下段図:可溶性TNFRSF1AのELISAアッセイにおけるTNFRSF1A crRNAの機能性のボックスプロット。crRNAは、低から高までのアルゴリズムスコアに基づいて4つの四分位(Q1、Q2、Q3、Q4)に分けられています。
Edit-R Human All-in-one Lentiviral Pooled Libraryを用いた全ゲノムスクリーニングにより、Vemurafenibを投与したA375細胞において信頼性の高い耐性ヒットを同定
ベムラフェニブ(PLX-4032)で14日間処理したA375メラノーマ細胞におけるEdit-R Human All-in-one Lentiviral Pooled Libraryを用いた高信頼性耐性ヒットと明確な必須遺伝子の脱落。(A) T0と比較したスクリーニング終点における、公表されたコア必須遺伝子(HART_CEGv2、紫色)および非必須遺伝子(HART_NEG、緑色)の遺伝子およびガイドレベル解析(Hart et al., 2017)非必須遺伝子を標的とするガイドは中立的な挙動を示す一方、必須遺伝子を標的とするガイドは、これらのガイドを発現する細胞が生存できないはずであるため、スクリーニング中に脱落しました。(B)各遺伝子の濃縮(Log2 Fold Change)と関連するp値を示すDrugZスクリーン解析。有意に濃縮された遺伝子(正のLog2 Fold Change)は、薬物治療に対する耐性を促進しこれらの遺伝子が潜在的に薬物応答を増強することを示しています。Drug Z P値による上位20ヒットをラベル付けして強調表示しました。

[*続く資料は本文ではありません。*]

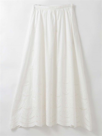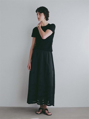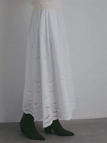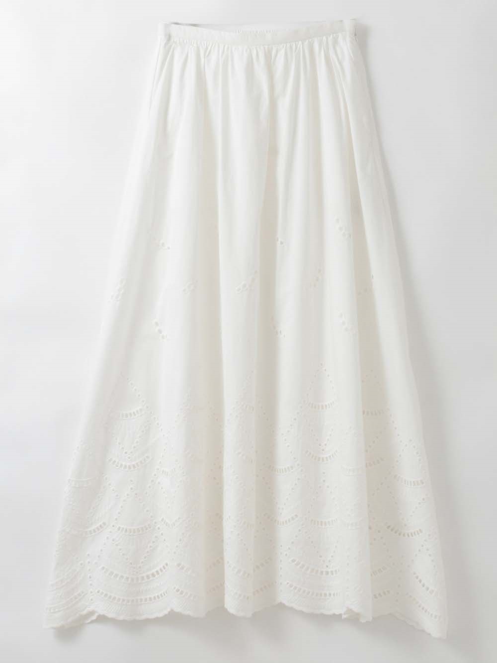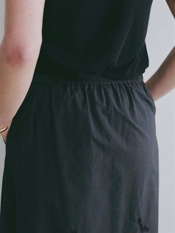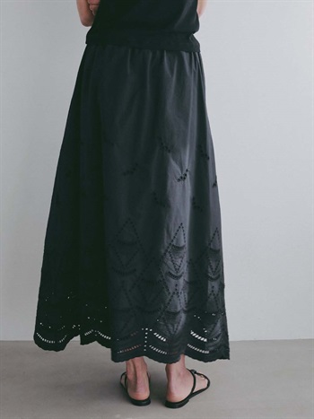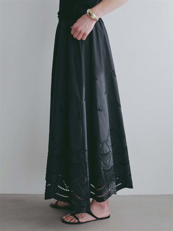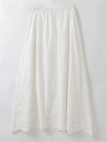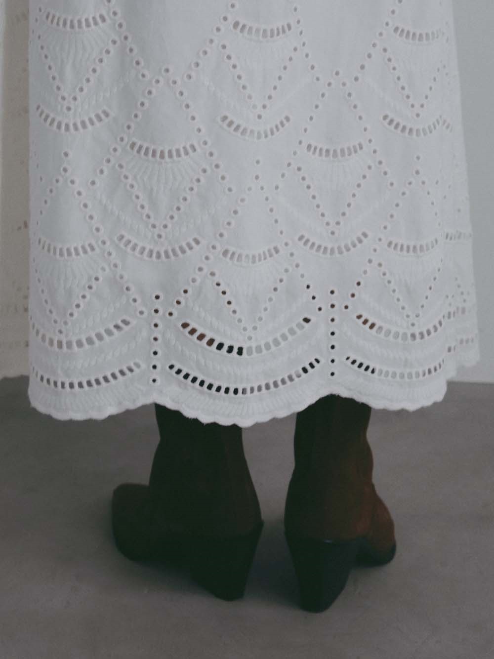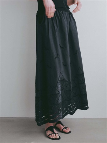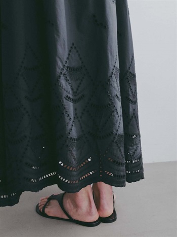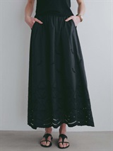 裾から膝上あたりまで刺繍柄を配置し、ウエスト周りは無地のパネル柄で調整。
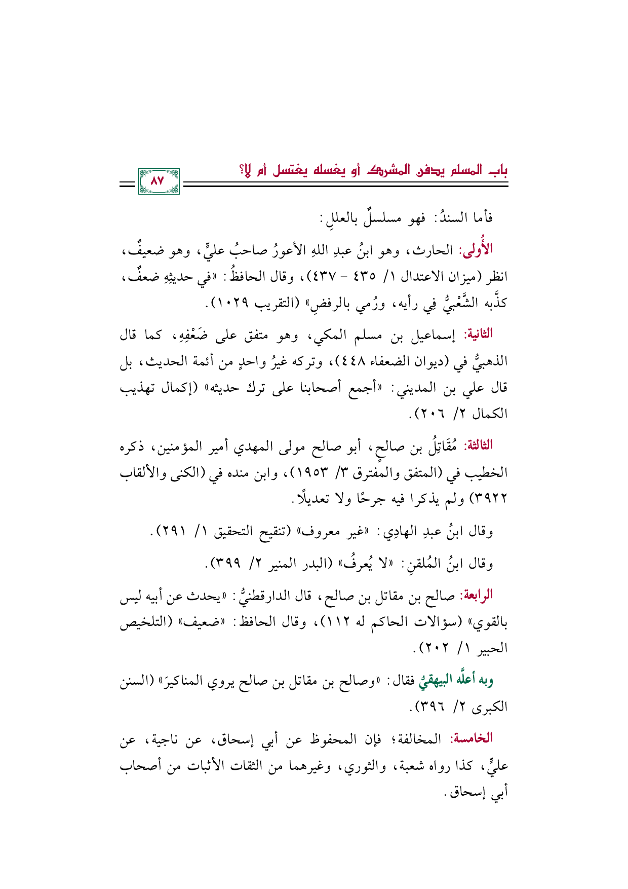 الرابعة: صالح بن مقاتل بن صالح، قال الدارقطنيُّ: "يحدث عن أبيه ليس بالقوي" (سؤالات الحاكم له ١١٢)، وقال الحافظ: "ضعيف" (التلخيص الحبير ١/ ٢٠٢).
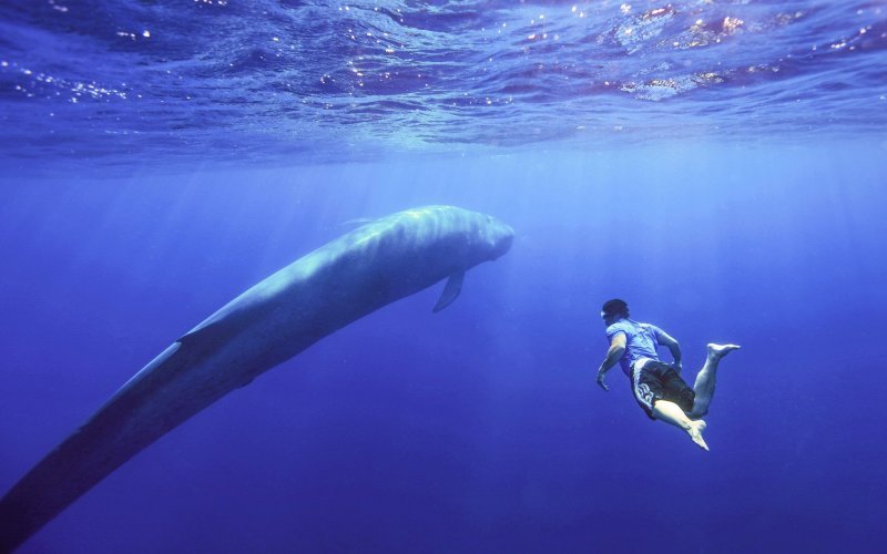 Iako se čini kao da su čovjek i kit blizu, zapravo su prilično daleko. Plavetni kit fotografiran je u Indijskom oceanu u blizini Šri Lanke.
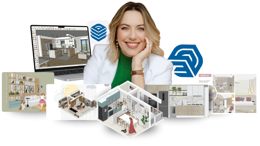 Criadora da metodologia do Projeto Expert, ministra treinamentos de modelagem e detalhamentos de projeto de arquitetura de interiores, utilizando software 3D do SketchUp + Layout, além de mentorias personalizadas.
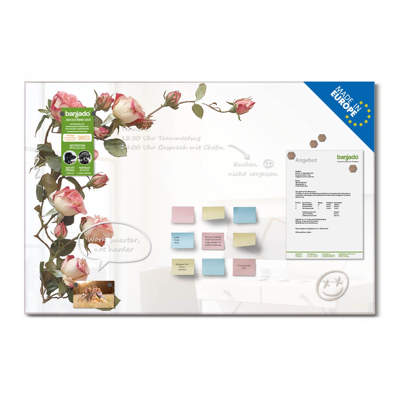 Ein Stück Design, das Ihren Alltag organisiert. Schreiben, heften, inspirieren - alles an einem Ort. Qualität, die man spürt. Montage leicht gemacht. Handwerk mit Herz - veredelt in Sachsen. Einzigartiges Design mit Motiv Motiv Zarte Rosenpracht Beschreibbare Glasoberfläche, leicht zu reinigen Starke Magnetkraft durch Stahlrückwand Inklusive 4 Neodym-Magneten Flexible Montageoptionen Handveredelt in Sachsen - Qualität, die bleibt
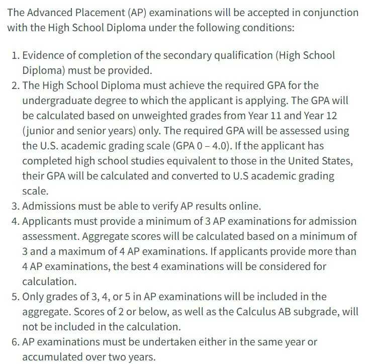 需至少提交3门AP考试成绩,考虑4门成绩的AP科目(低于3分科目不参考),AP考试须在同一年度完成,或可在两个年度内累计完成。
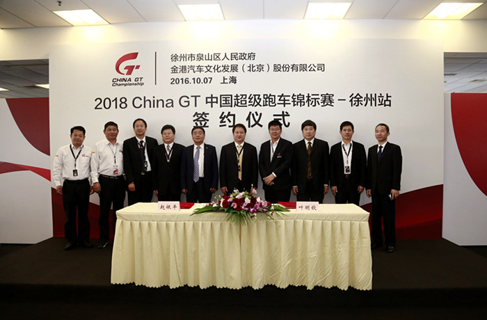| 2016年10月7日下午,“2018ChinaGT-徐州站”签约仪式在上海F1国际赛车场隆重举行,出席签约仪式的领导和嘉宾有:国家体育总局领导、徐州市副市长徐东海、泉山区委书记赵兴友、金港汽车文化发展(北京)股份有限公司总裁叶明钦、北京金港甲子汽车投资管理有限公司董事长姚建平、江苏永宁集团董事长卞绍春以及徐州市、泉山区、泉山经济开发区有关部门主要负责人。
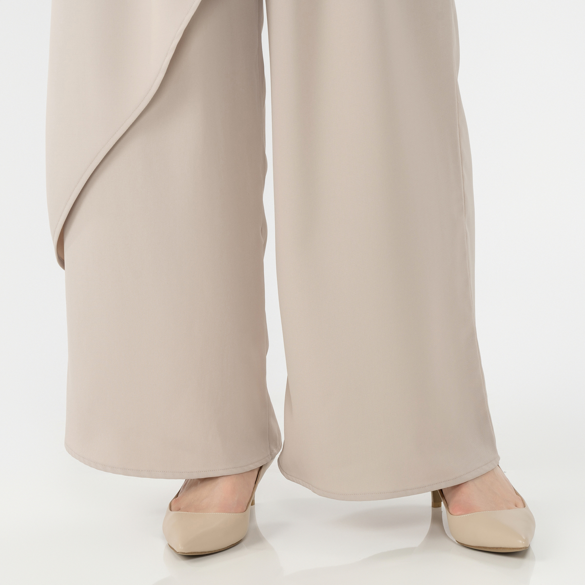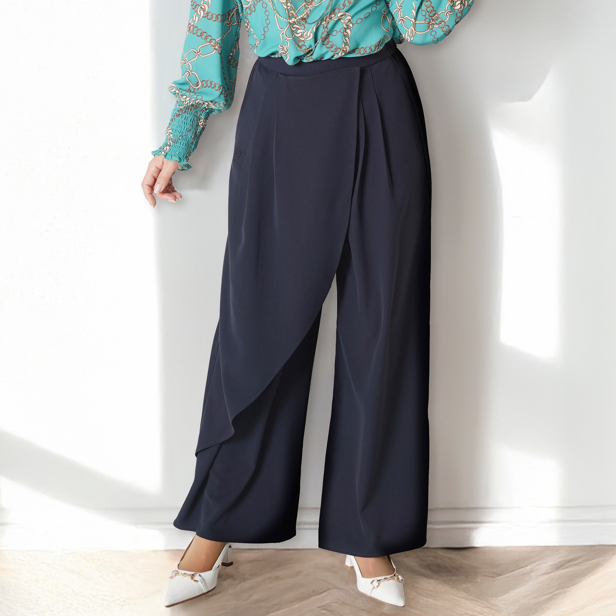 独創的なアシンメトリーデザインが特徴のラップパンツ。右脚側を覆う大きなラップ布が揺れ、歩くたびに柔らかなドレープが生まれます。ややゆとりのあるストレートに近いシルエットで、ラップが加わることで穏やかなフレア感も楽しめます
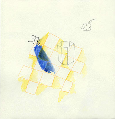 o.T., 2009, Farbstift, Tip-Ex, Aquarellfarbe, Bleistift, Papier, je 20 x 20 cm
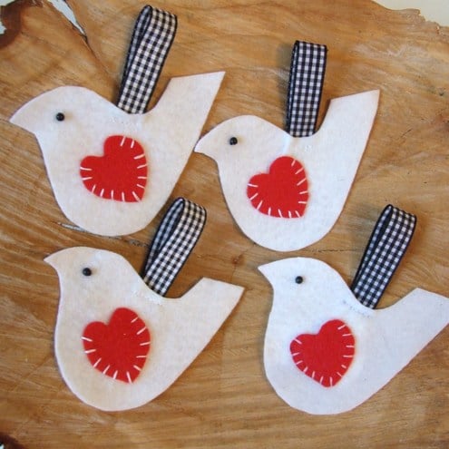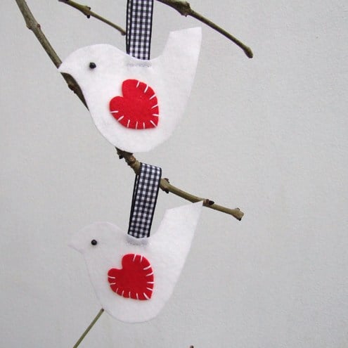 They are made from white felt with a contrasting red felt heart wing which has been hand sewn. A black and white gingham ribbon is attached for hanging. They have little black sequin eyes.
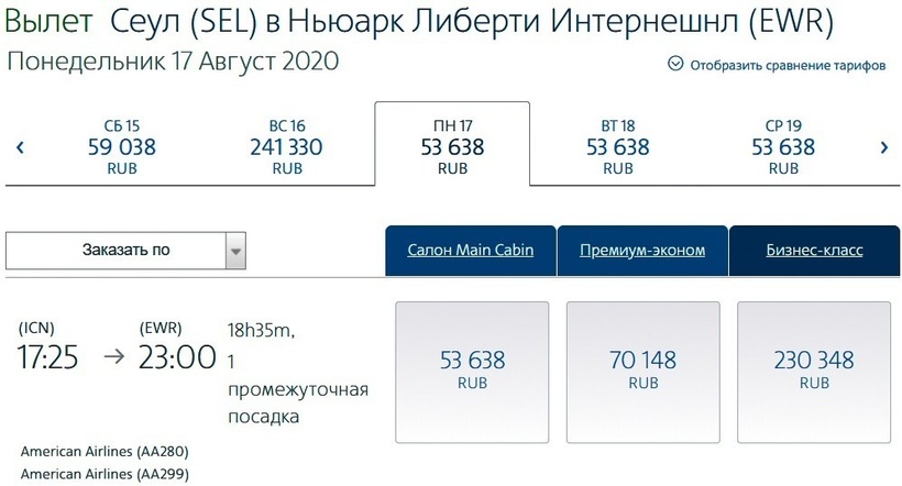 Самый быстрый вариант полета по направлению — беспересадочный (занимает 14 ч.). Из прямых перевозчиков советую выбрать путешествие с компанией Asiana Airlines, у которой авиабилеты дешевле на 5500–35500 ₽, чем у Korean Air. Я преодолевала маршрут транзитом с American Airlines, потому что цена билетов у этого авиаоператора была ниже минимум на 17000 ₽, чем у прямых перевозчиков, и на 4000 ₽, чем у Cathay Pacific.
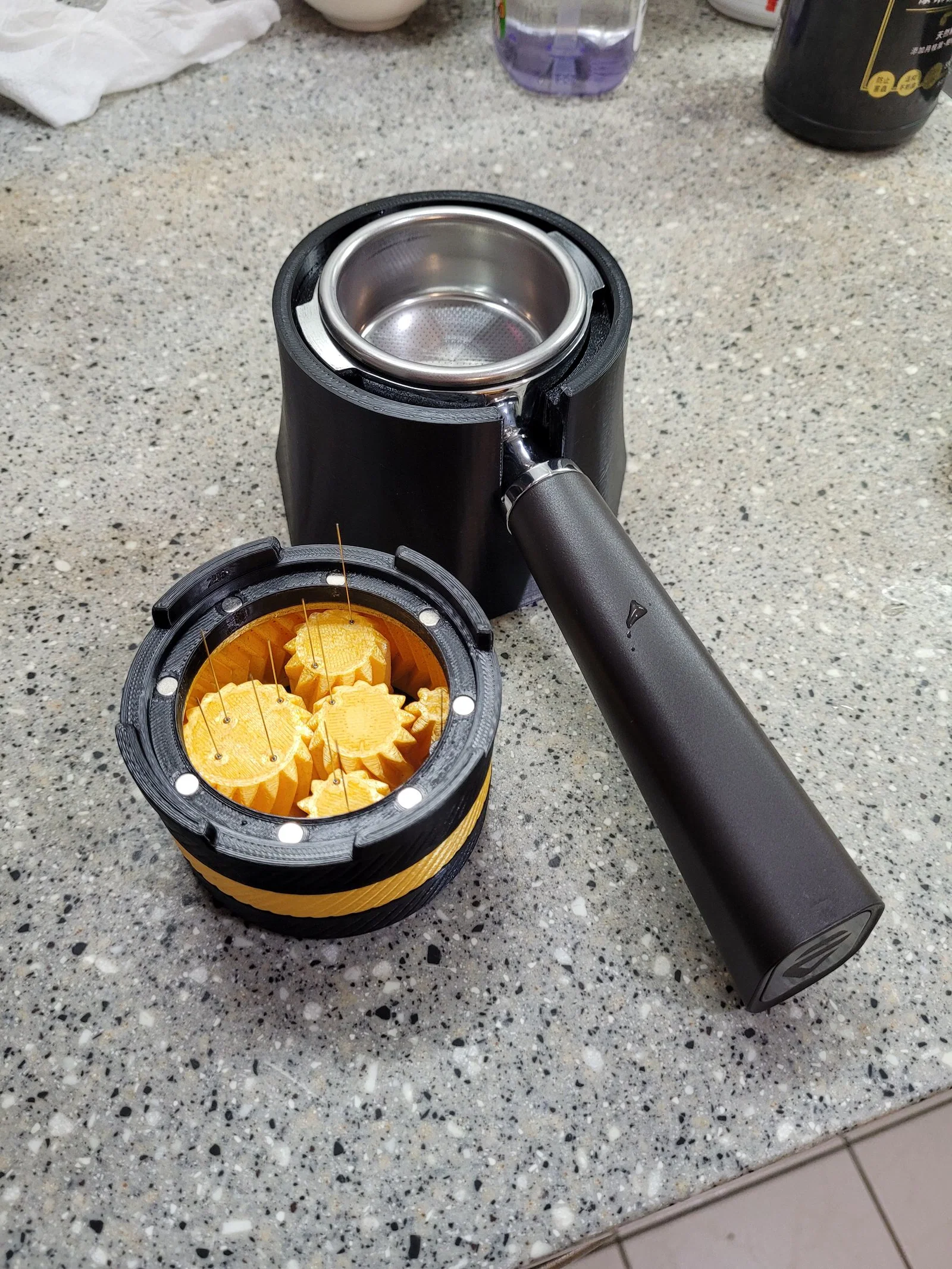 Đế rất chắc chắn khi nén cà phê, đồng thời có thể dùng kèm với phiên bản tab ngắn của "Umikot (58mm Version) - Planetary Gear Spirograph Espresso WDT Tool".
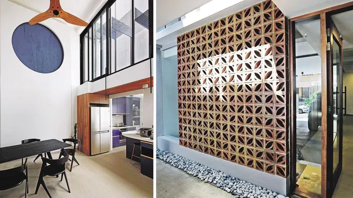A small bathroom is partially hidden by a wall of ventilation blocks, to allow for some breeze and light to enter while ensuring privacy. The double volume dining area sits next to the kitchen on the second floor.
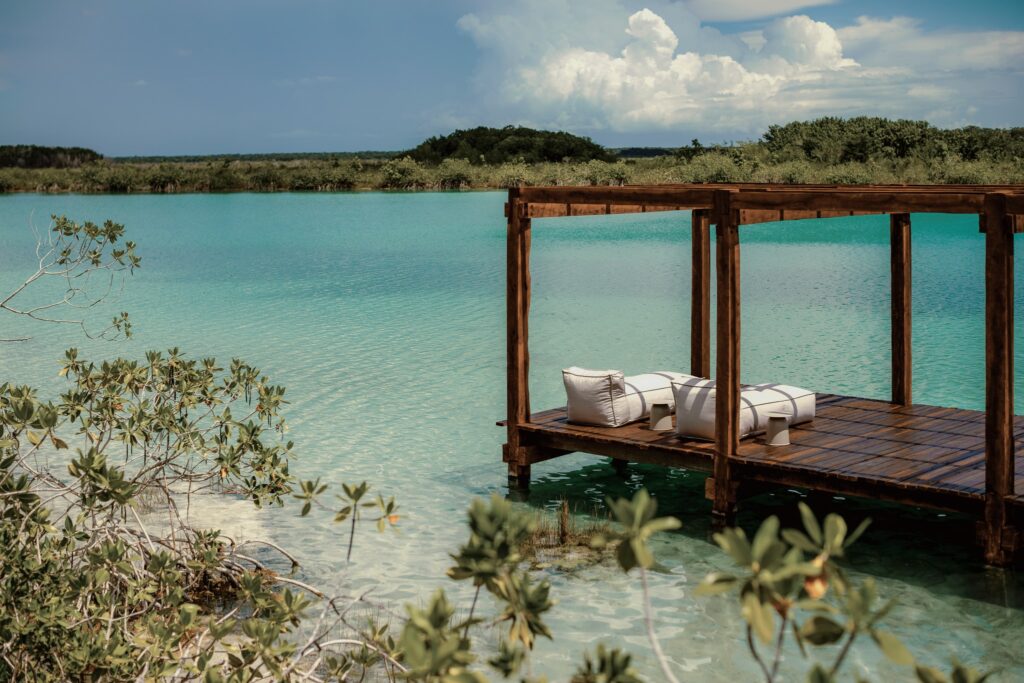 Hidden among the lush greenery of Bacalar, Boca de Agua feels less like a hotel and more like part of the jungle itself. Designed by Mexican architect Frida Escobedo, the property features elevated treehouse-style villas built around living trees, allowing nature to remain untouched below.
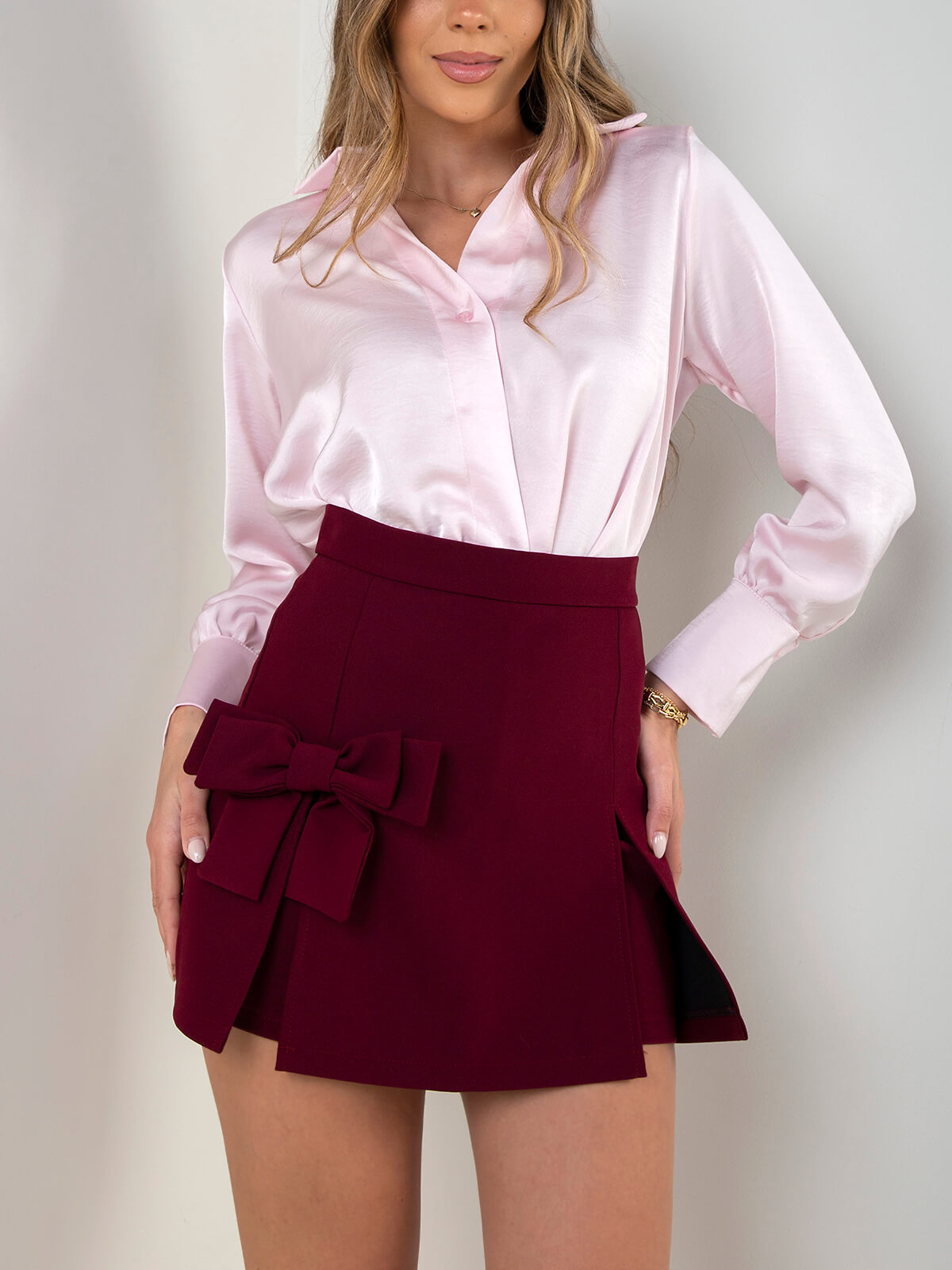 Saia-calção com design cruzado frontal e aplicação de laço decorativo. Modelo com fecho posterior invisível. Ideal para looks elegantes e para o trabalho.

Edit-R Human All-in-one Lentiviral Pooled Libraryを用いた全ゲノムスクリーニングにより、Vemurafenibを投与したA375細胞において信頼性の高い耐性ヒットを同定
(A) CRISPR ノックアウト・ベムラフェニブ・スクリーニングからの DrugZ 解析で、上位 10 遺伝子レベルの各ヒットを標的とした各ガイドの対数 2 倍の濃縮。 (B) 関連する遺伝子レベルのNormZスコア、P値、Log2 Fold Change(LFC)の表。